Years ago you commented on C# and the .NET Framework. Do you still feel those technologies are definitely modeled after Java?
Oh yeah. You just compare the languages side by side, it's pretty much a clone.

Is an open source strategy something that you think would benefit Microsoft as well?
It's conceivable that it would benefit them. But I have a hard time believing that they'd ever actually get there in any sort of legitimate sense.

A lot of dev teams today are distributed, or globally based. What trends are you seeing?
Certainly global development has been a really big force. The software development profession is sort of interesting in that pretty much all developers spend their lives living in the same place -- they all live on the Internet. That's where they get their information, that's where they chat with people, that's where they build friendships.

In some professions, there's a lot of variability, like in the legal profession. There's a big difference between being a lawyer in Italy and being a lawyer in America, but being a software developer in Italy and a software developer in America is pretty similar. And that makes it really easy to put together global teams. And certainly Sun has been building software using global teams for some 15 years. The big driver for us has always been skill sets. Talented people are where you find them.

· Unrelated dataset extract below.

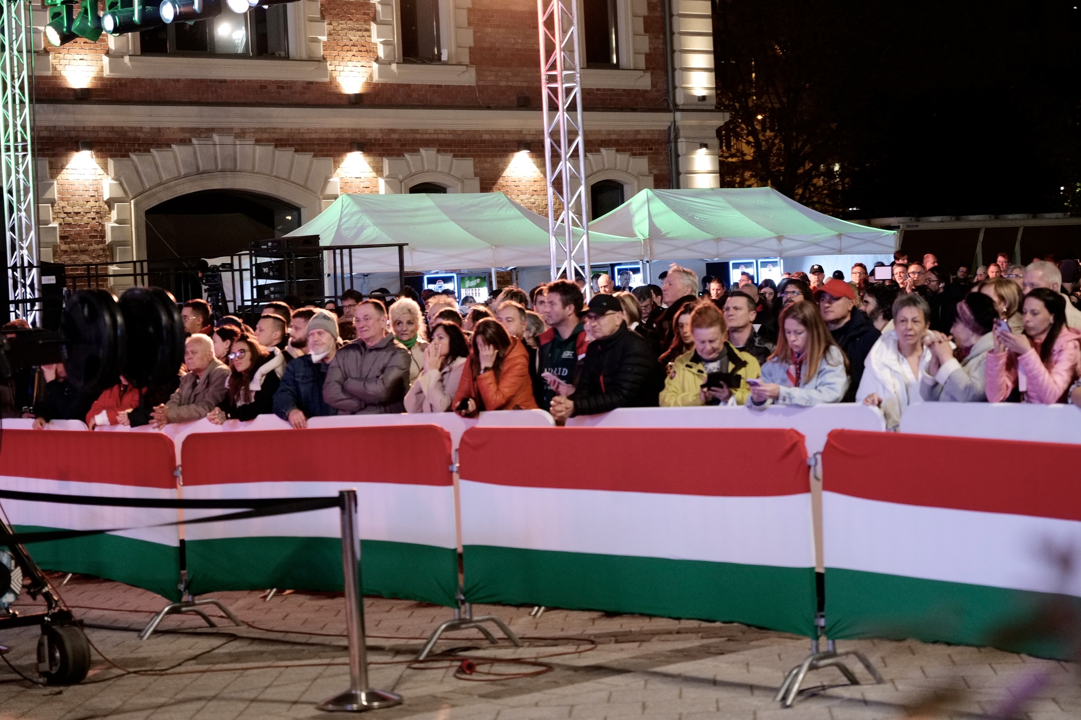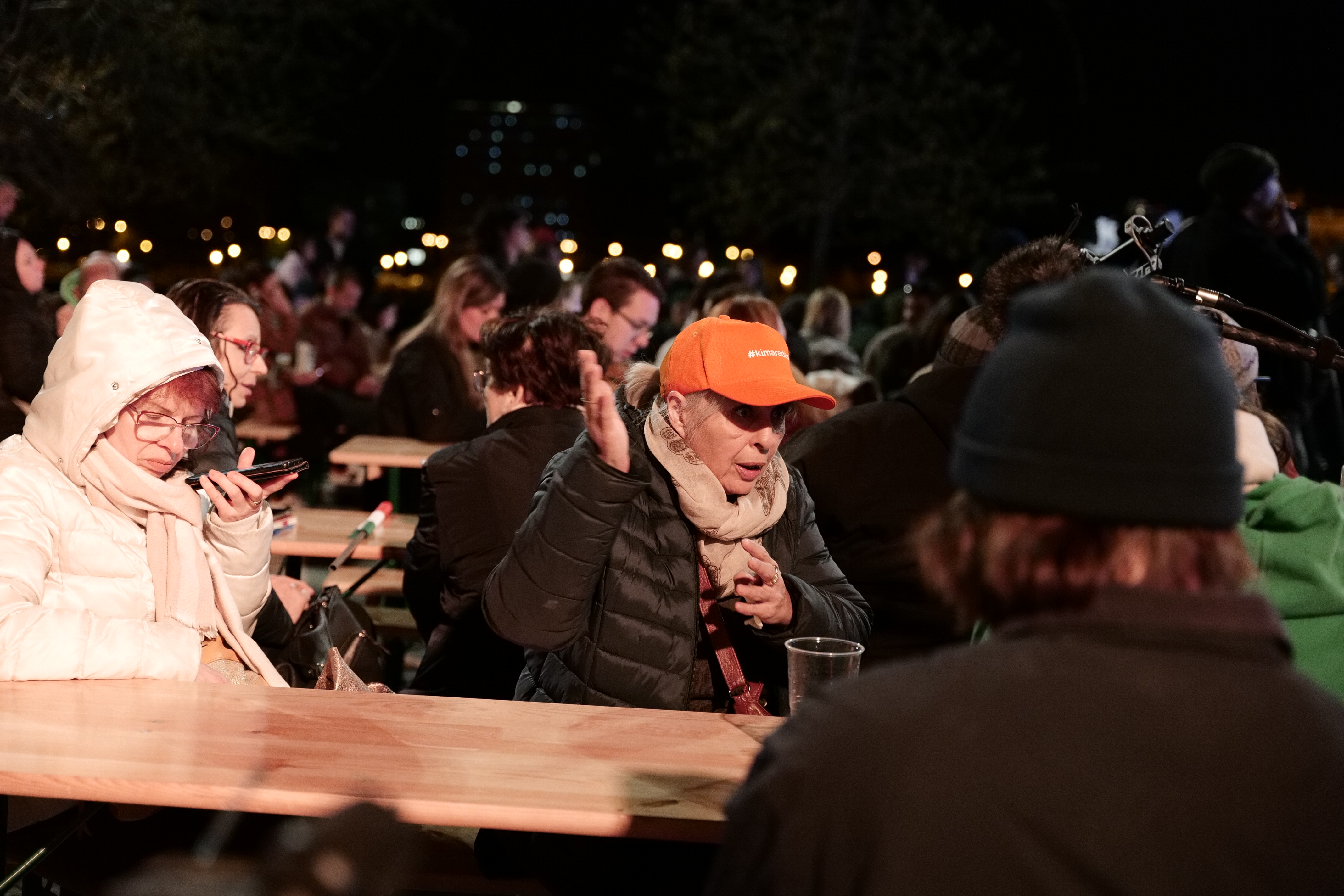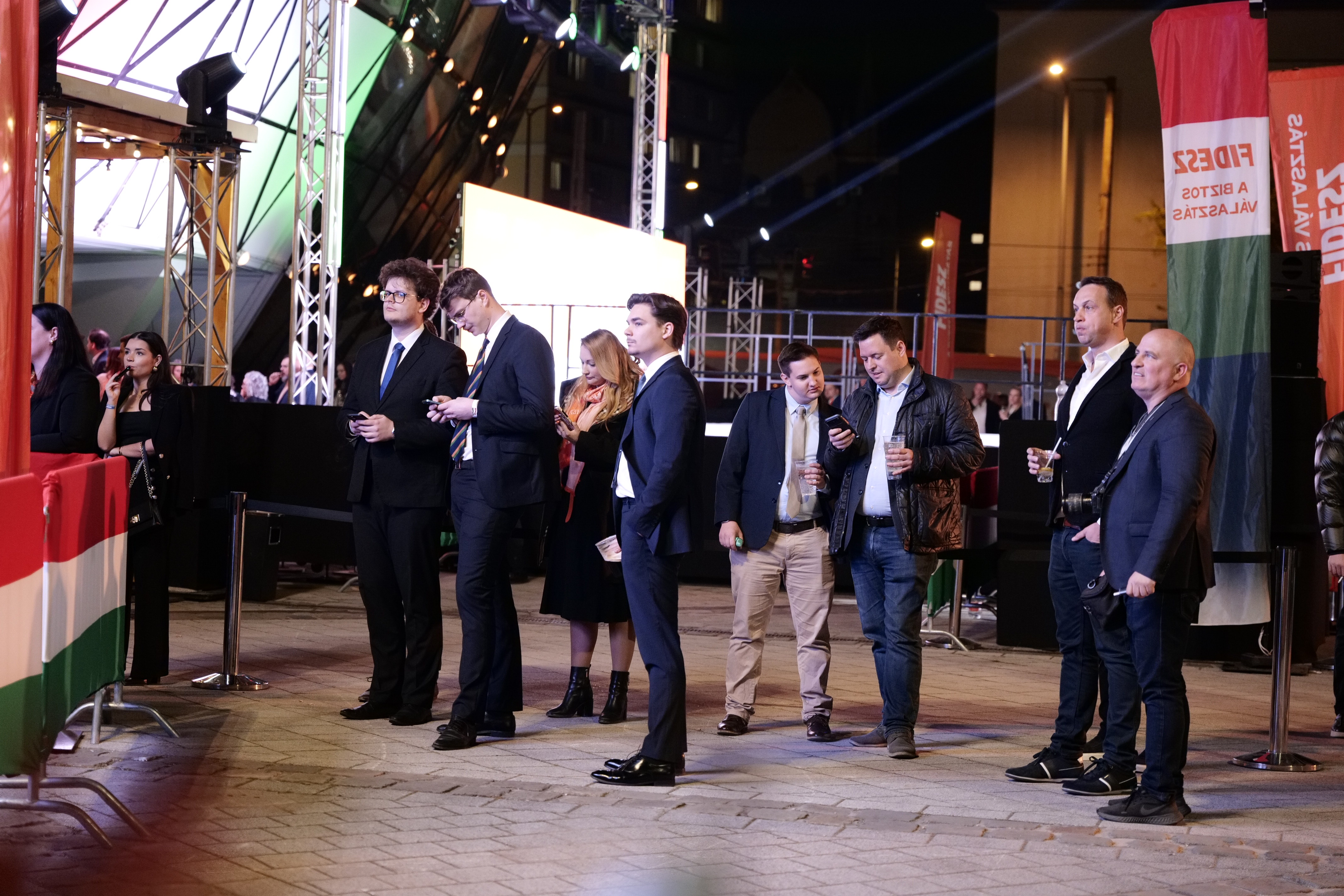 A fekete elválasztó fal résén bekukucskálva ez a látvány fogadott, amikor meglestem, miben vannak a meghívott vendégek. Nincs ünneplés, ez a könnyek éjszakája.

It appears that computer science enrollments are down in colleges, with outsourcing and the dotcom problems leading top students to look elsewhere.
You're talking about the state of enrollment and outsourcing and the dotcom bust? That set of things is a complete disaster for this profession right now. When you look at computer science departments, their enrollment is really low. Then you ask kids why they aren't enrolling in high-tech professions and it tends to be an issue of, 'Well gee, there are no jobs left because they've all been outsourced, and didn't it all collapse when the dotcom bubble burst when I was like 10 years old?'

The high-tech industry today is bigger than it ever was during the dotcom bubble. There are more people on the Internet than there ever were at the top of the dotcom bubble. If you look at the number of people on the Internet, you look at those curves through the bubble years, boy, there was no crash. All that the crash was, was companies with stupid ideas going out of business.

Similarly, the whole outsourcing thing has been really blown out of proportion in the press. A lot of the foreign countries that people outsource to have become much less attractive because the dollar had been rising significantly, and we're getting to a situation where the No. 1 thing driving outsourcing is just lack of talent.